Downtown Scranton by arianravan

It’s grim, a friend said to me the other day. She didn’t mean it in a bad way. She’s a person who isn’t afraid of darkness in her fiction but, even still, I cringed a little bit.

That’s nothing new. Since Swarm has been out I’ve found myself feeling a tad insecure about the austerity of the book (even though, as I constantly tell people, it’s ultimately hopeful).

I’ve found myself wondering if I couldn’t have made Marvin crack a few jokes or Sandy giggle a bit more at the ludicrousness of her situation.  But the picture of a collapsing economy and a stuttering life of subsistance is not one that inspires a lot of laughs. And while comedy, of course, wasn’t at all what I was going for neither was outright pessimism. Rather I was aiming to be true.

Yesterday afternoon I was reminded of this when I stumbled across a 2012 article by Chris Hedges, a cultural critic and thinker who I originally discovered somewhere in the midst of my work on the novel and immediately loved for his laser analysis of American ethics and blindness. There’s this fantastic video where he rips his mic off during a CBC interview after Kevin O’Leary calls him a nutbar and sneers at him during a discussion of the Occupy movement… But I digress…

In A Metaphor for America, published in The Walrus, he and photographer Alan Chin pay a visit to Scranton, Pennsylvania, the city made famous by the long-running television show The Office. From the sounds of things, Dunder Mifflin has likely long been shuttered and even Michael Scott, manager extraordinaire, is probably looking impossibly for work, his famous goofy humour flattened by stress.
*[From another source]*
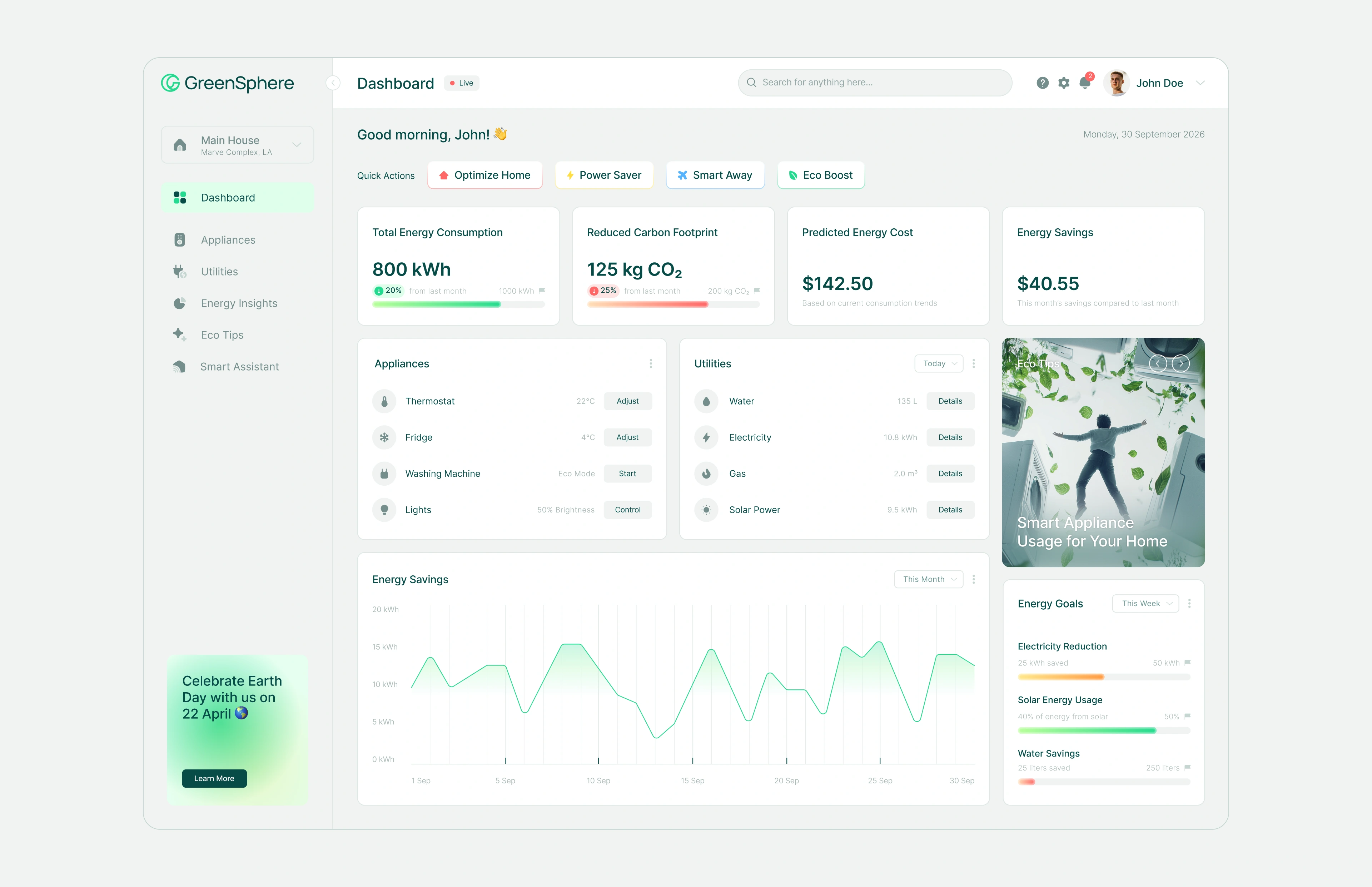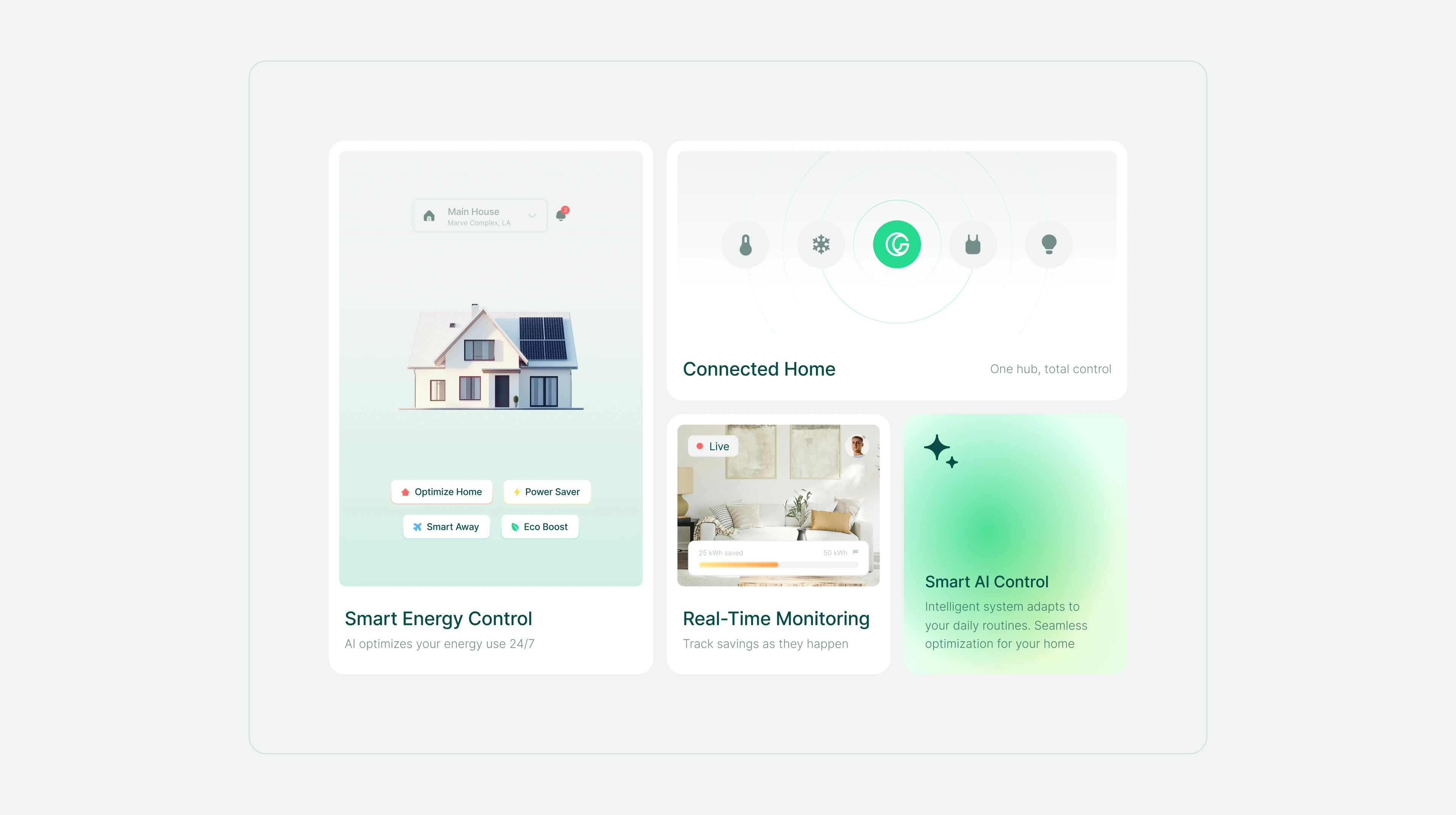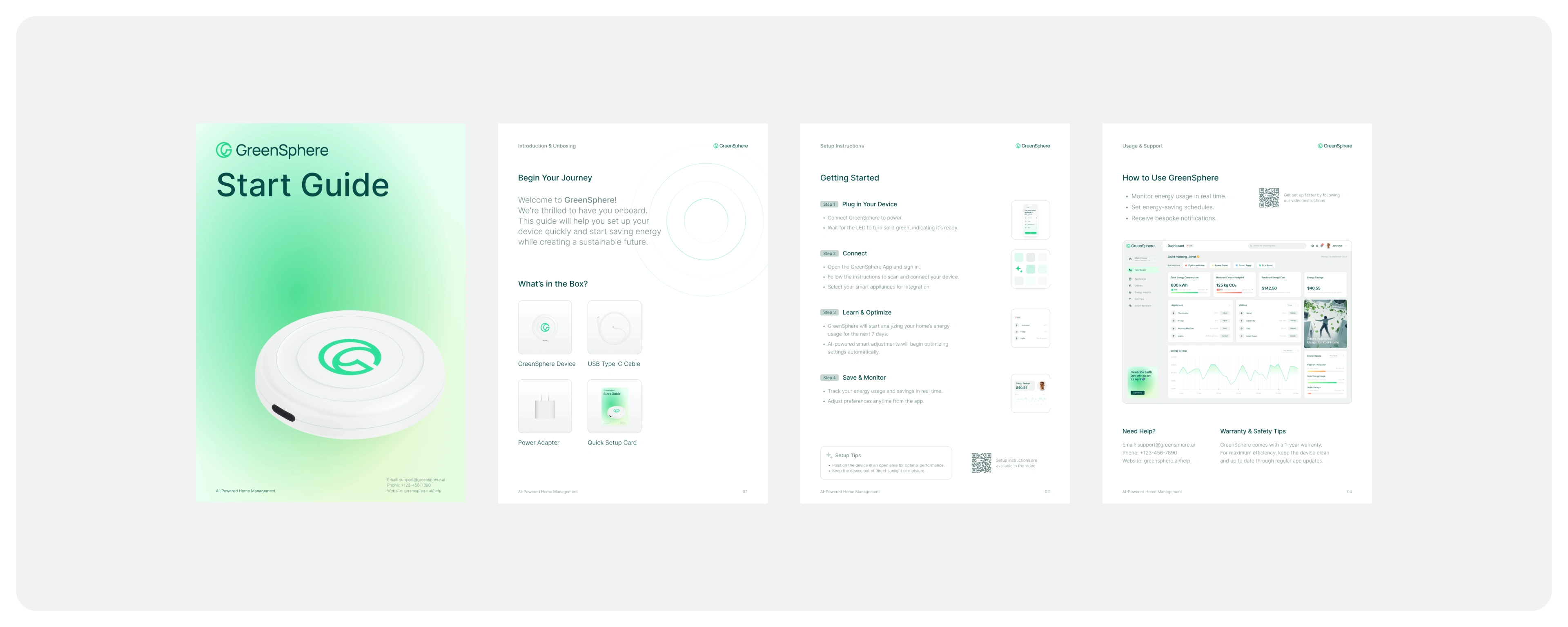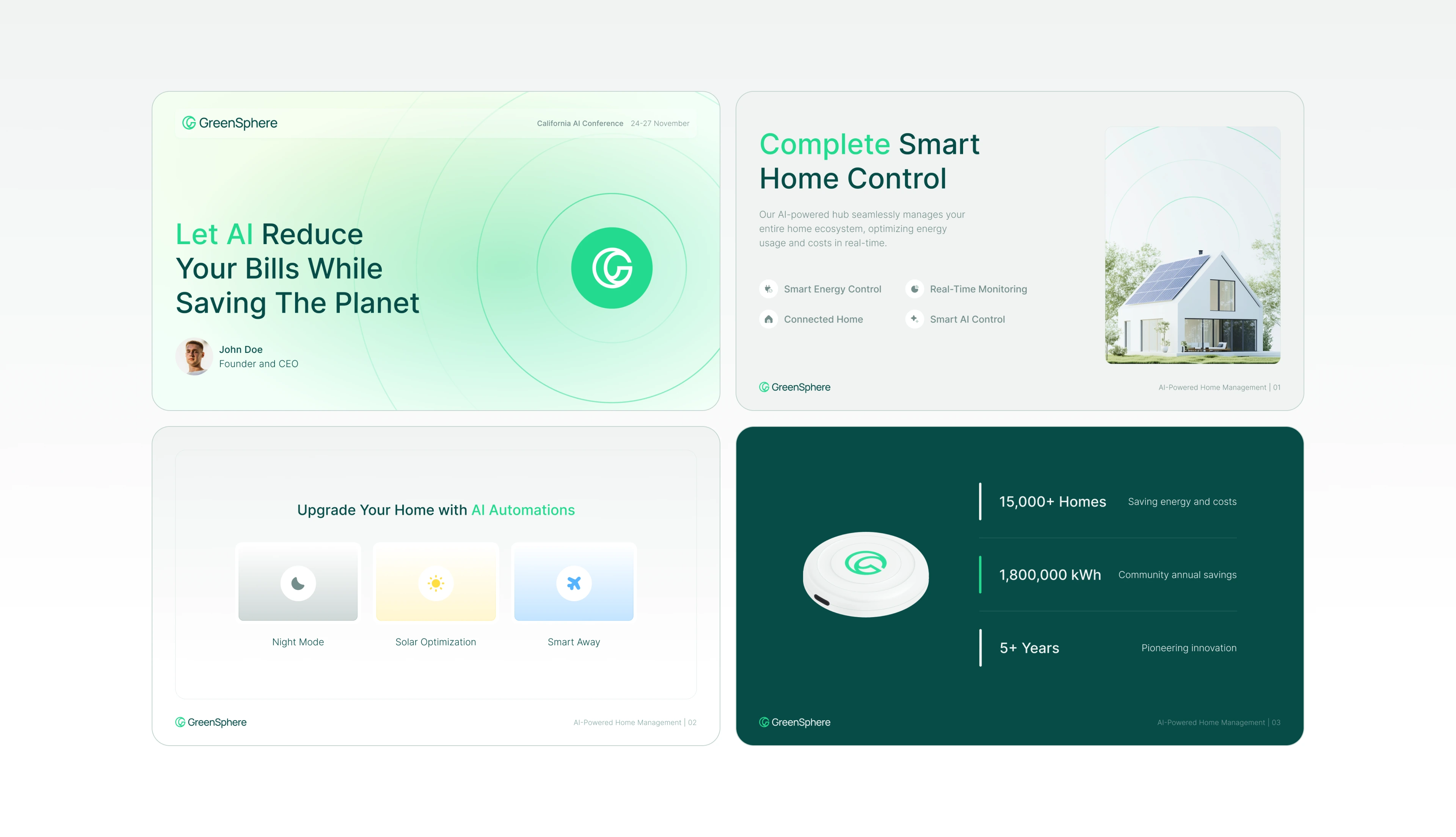 A complete brand identity and digital experience for GreenSphere, an AI-powered smart home system focused on sustainability.

Abandoned factories, rampant unemployment, city workers (including the mayor) who reduced their salaries to minimum wage in order to address a $700,000 shortfall in the municipal coffers, are all features of the city. Meanwhile, a salvage company called Olde Good Things picks through the mahogany fireplace mantels and decorative iron from heritage buildings facing demolition, built in wealthier days by factory owners and coal barons.

It’s familiar to me; these features are reminiscent of the world I worked to create in Swarm, believeing, as Hedges writes, that “there is no way to mask this harsh reality with happy talk and illusions.” I picked through newspaper stories to find features of collapse: funeral homes filling with bodies their families couldn’t afford to bury, houses full of furniture abandoned by people defaulting on their mortgages. Things that happened to be happening. Depressing, yes, but also true.

Some people might not want to look at this reality (an issue Hedges writes about in his other works) either in the news or a work of fiction but that doesn’t mean it doesn’t exist. If Scranton is anything to go by, we’re watching America, as Hedges puts it, “circle the drain.”